Moreover, in the selection there are 199 cases of using the lexeme ‘reputation’, which is an abstract noun, in its plural form. This can be explained by the examination of the immediate context: the lexeme ‘reputations’ occurs when talking about a number of entities (companies, people, institutions, organizations, etc.) and thus underlining an individual character character of each of their reputations.

Speaking of the metaphorical collocations with the lexeme ‘reputation’, two major types of representation can be identified – reputation as a tangible object (objectification based on metaphor) and reputation as a person (personification based on metonymy). According to Šeškauskiené and Stepančuk, such tendencies “are in line with the cognitive principle of embodiment, because our perception of abstractions in terms of objects or humans arises from our interaction with the world, where people and the material world taking the form of concrete objects are the main ‘interacting sides’” (Šeškauskiené & Stepančuk 2014: 116).

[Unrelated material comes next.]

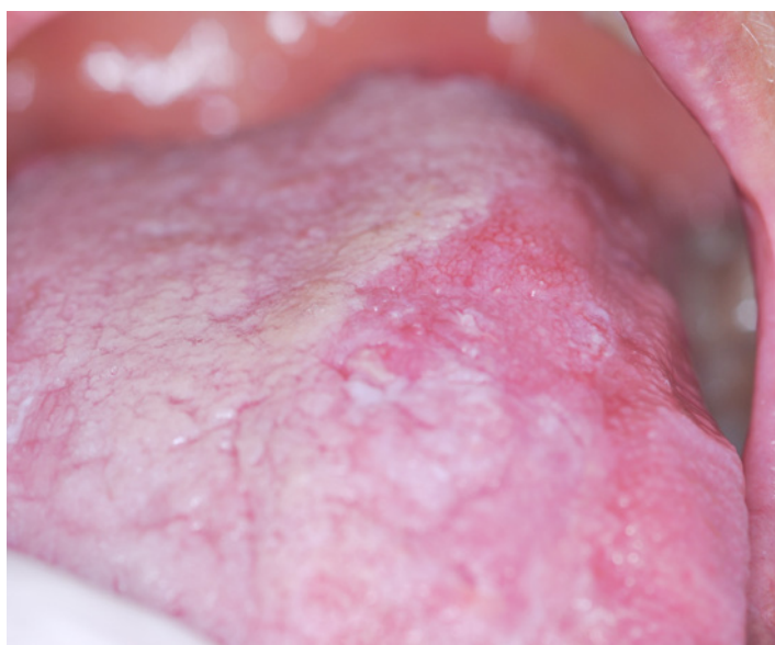
Figure 4. Clinical diagnosis of candidiasis and without cytopathological diagnosis of candidiasis (CC CyNC). Erythematous area on the tongue showed clinical changes indicative of candidiasis but with features compatible with squamous cell carcinoma on cytopathological exam.

The query VERB * REPUTATION provided 2,354 unique forms represented by 6,886 tokens. The initial sampling includes the first one hundred of collocations ranged by frequency. After excluding collocations with modal verbs and auxiliary verbs from the selection, 57 unique forms with 6,190 total number of tokens have been obtained. The collocations are further grouped into eight semantic clusters and sorted by frequency.

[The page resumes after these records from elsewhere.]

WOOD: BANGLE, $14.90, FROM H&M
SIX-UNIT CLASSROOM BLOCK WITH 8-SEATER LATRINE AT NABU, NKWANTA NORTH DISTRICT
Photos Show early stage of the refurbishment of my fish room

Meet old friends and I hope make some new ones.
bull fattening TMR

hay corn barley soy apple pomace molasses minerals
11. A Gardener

  1. ‘TO GET’ verbs + REPUTATION – the cluster is the largest in the query results and is represented by 8 main verbs and 2,015 collocations. The most frequent verbs in the cluster are ‘earn’ – 760 tokens (~37,7%), ‘get’ – 550 (~27,3%), ‘gain’ – 423 (~20,1%). The collocations are frequently used in magazine (443), newspaper (439), web-general (232) sections of COCA (~55,3%). The collocations are the least represented in fiction (149), blog (180) and TV/movies (182) sections. It is worth mentioning, the lexeme ‘reputation’ collocates with the verb ‘earn’, which means that reputation can be obtained as a result of work and efforts, and the verb ‘gain’, which, as the previous research suggests, “is most frequently used to point to a progressive step-by-step change, a steady improvement specifically related to intellectual abilities, skills, power and control” (Ivanova & Medvedeva 2022: 689).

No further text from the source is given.